I understand with a router you need to control the speed while using different size bits on wood and how hard the wood is but not so sure when cutting wood on a BS.

When you buy different blades do they recommend what speed to run them at depending on the species of wood?

Thanks for the replies to date I really appreciate the input and comments.


----------



## curiousgeorge (Nov 6, 2006)

TRN_Diesel said:


> I understand with a router you need to control the speed while using different size bits on wood and how hard the wood is but not so sure when cutting wood on a BS.
> 
> When you buy different blades do they recommend what speed to run them at depending on the species of wood?
> 
> Thanks for the replies to date I really appreciate the input and comments.


Dan,
The different speeds have to do with the type of blade (tooth rake, blade size, etc.) and density of wood you are using and the ability of the blade to clear the saw dust from the cut. If the blade can't clear the cut it will either bog down, not cut straight, not cut well, overheat and break or all of the above. For instance; if you notice the blade is having a hard time cutting while re-sawing, you may try a different speed and it will improve the cut or stop the blade from wandering. There is a reason for variable speed on a band saw for cutting wood and not just cutting metal. I have yet to see a "speed chart" for the band saw. It is more of what works best for you at that particular situation at that particular time. You just have to experiment and find out what works best and when. Pretty much the same as with a router.

Here is a podcast you may want to look at ...
Podcast #22: Buying & Getting the Most Out of Your Band Saw — Woodworking Online

As in all power tools, there is more to it than just putting it together and turning it on.


----------



## Mike Gager (Jan 14, 2009)

i cant imagine the need for different speeds but i dont have that much experience using one

does the variable speed slow things down real low? i know cutting metal you want slow speeds so maybe really dense wood would need slow speeds as well?


----------



## bobj3 (Jan 17, 2006)

Hi Dan

It looks like you are a very handy guy, why not buy a tool that will do more than one type job,for the price difference you would money a head of the game of tools..my Bud had one and it would cut anything he want to cut with it..every time I picked up a hack saw/cut off tool I would recall his band saw and wish I had one.. 
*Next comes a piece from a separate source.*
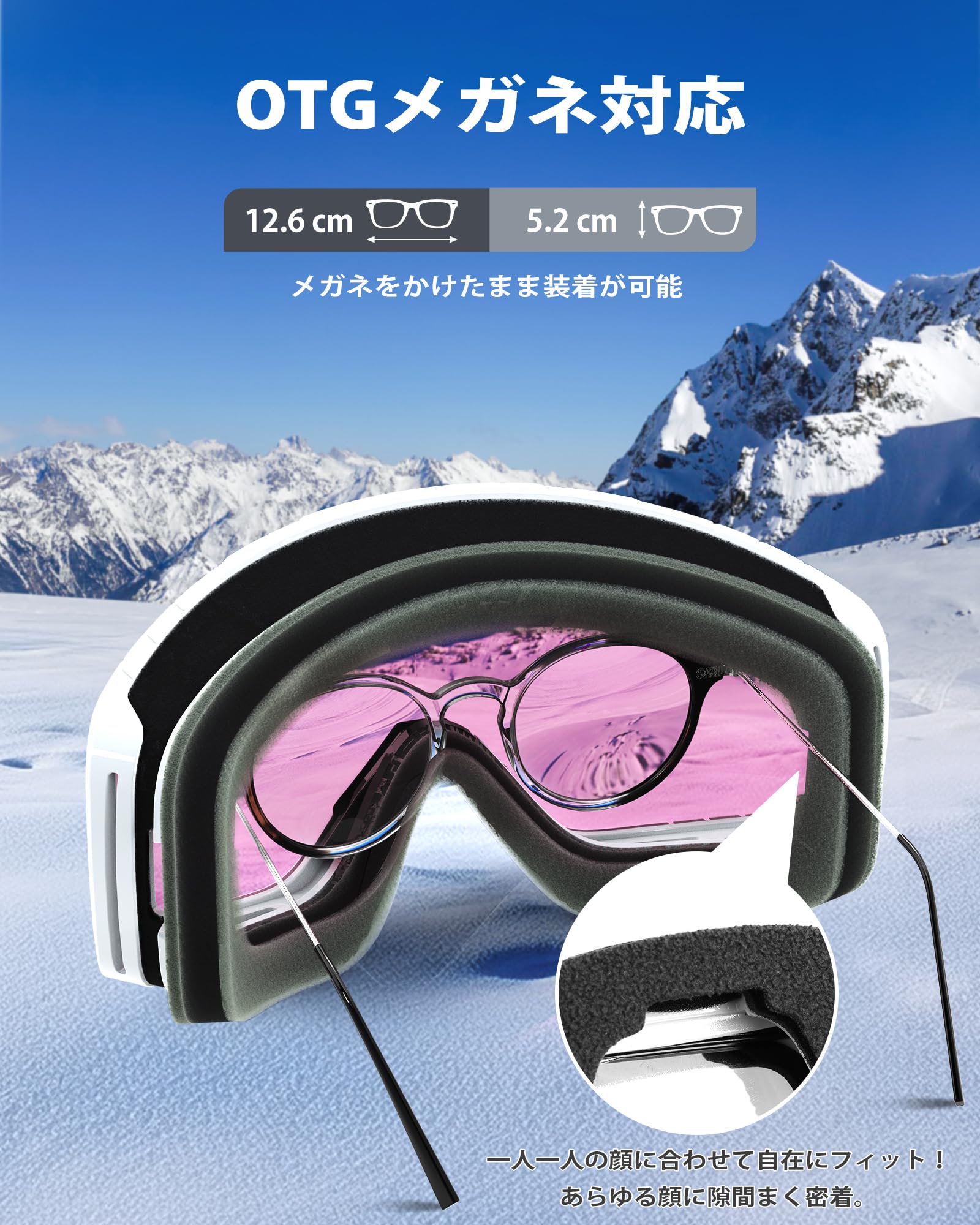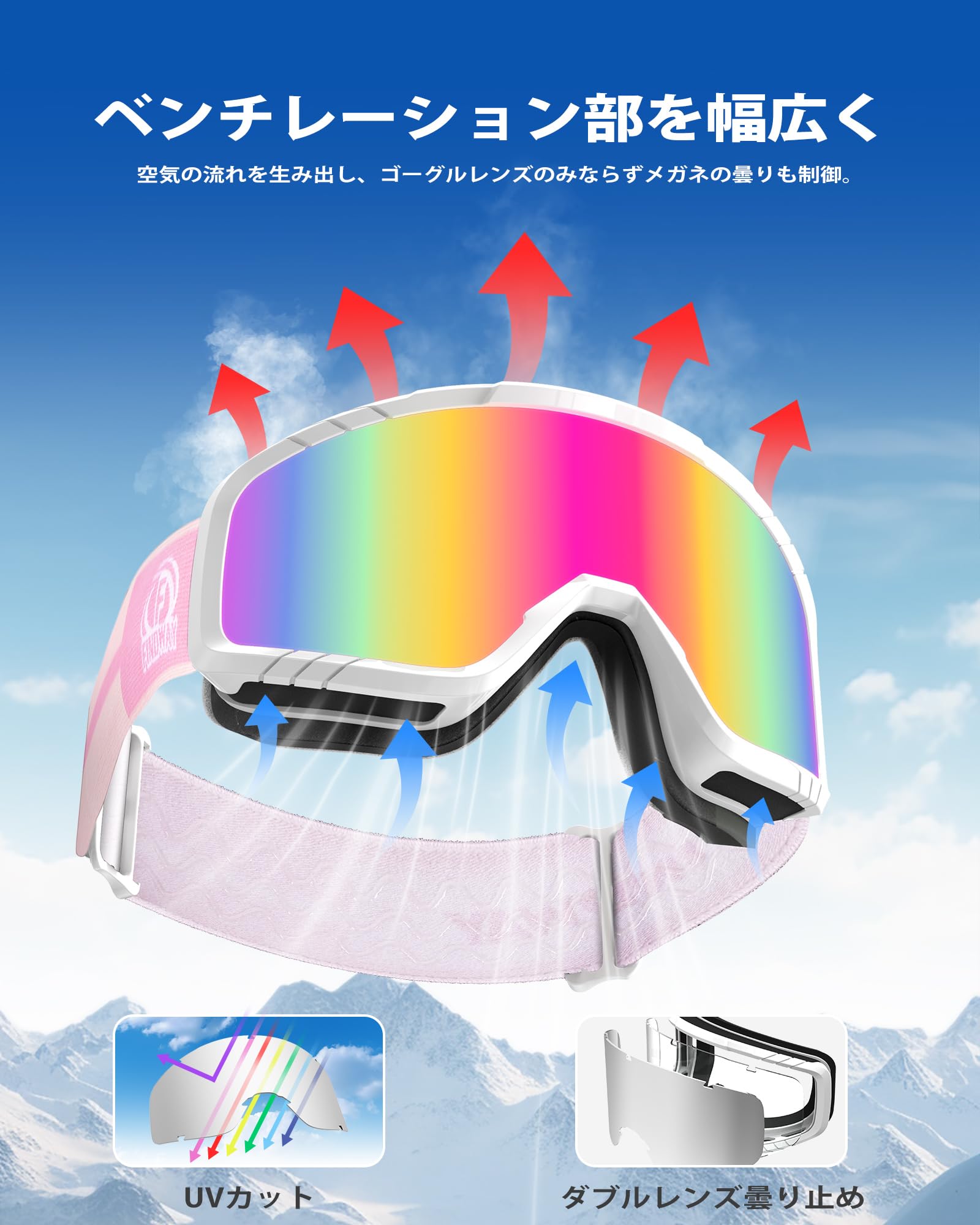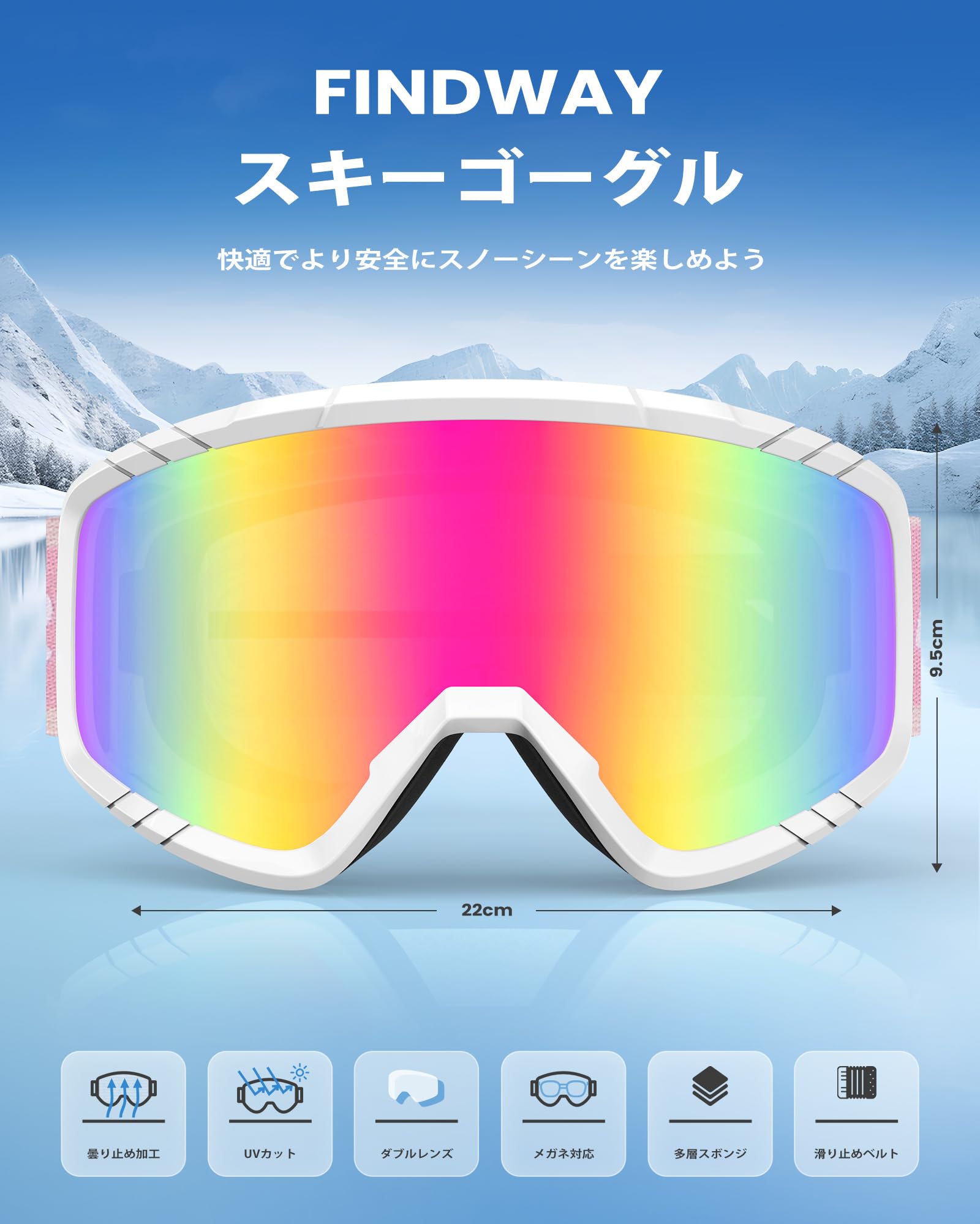 [Findway] スキーゴーグル キッズ スキーゴーグル 大人 スノーゴーグル メンズ スノボ ゴーグル 眼鏡対応 スノーボードゴーグル OTG 広視野 防風/防雪/曇り止め UVカット ヘルメット対応 軽量と耐衝撃

Two tools on one foot print in the shop  it's true you will not use the band saw for other types of jobs but the 1st. time you want too you will have the right tool to do it right..and the one you are are looking at, it's easy to pop in a blade..

=======


----------



## curiousgeorge (Nov 6, 2006)

Mike Gager said:


> i cant imagine the need for different speeds but i dont have that much experience using one
> 
> does the variable speed slow things down real low? i know cutting metal you want slow speeds so maybe really dense wood would need slow speeds as well?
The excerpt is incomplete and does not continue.